╭──

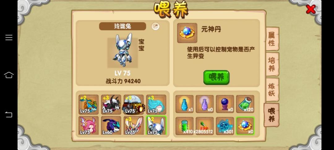 喂养界面可以查看所有与宠物相关的药剂,相信各位都比较清楚各种药剂的作用了,我就简单解释一下这个元神丹。它只能保证让你的宠物不发生异变,但是并不能保证宠物一定异变。也就是说,这玩意没啥用的,宠物该不异变还是不会变,虽然现在已经基本绝迹了,但是星之礼包里还是可以开出来的。
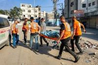 Palestinian rescuers carried a victim of an Israeli strike in Gaza City
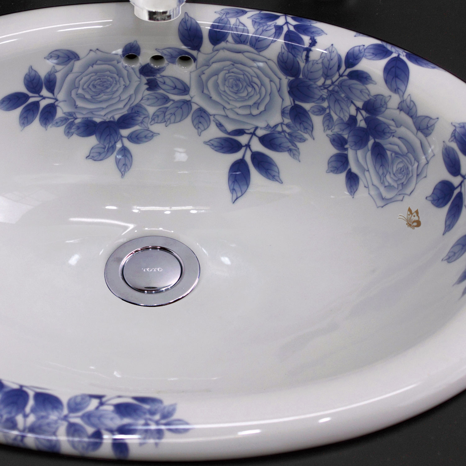 有田焼の斬新なデザインの楕円型洗面ボウルです。匠の技が光る逸品です。素敵な薔薇の絵柄が、清潔な洗面台を演出します。

╰──

Transcribe the whole listing above exactly and leave out the pictures.

 喂养界面可以查看所有与宠物相关的药剂,相信各位都比较清楚各种药剂的作用了,我就简单解释一下这个元神丹。它只能保证让你的宠物不发生异变,但是并不能保证宠物一定异变。也就是说,这玩意没啥用的,宠物该不异变还是不会变,虽然现在已经基本绝迹了,但是星之礼包里还是可以开出来的。
 Palestinian rescuers carried a victim of an Israeli strike in Gaza City
 有田焼の斬新なデザインの楕円型洗面ボウルです。匠の技が光る逸品です。素敵な薔薇の絵柄が、清潔な洗面台を演出します。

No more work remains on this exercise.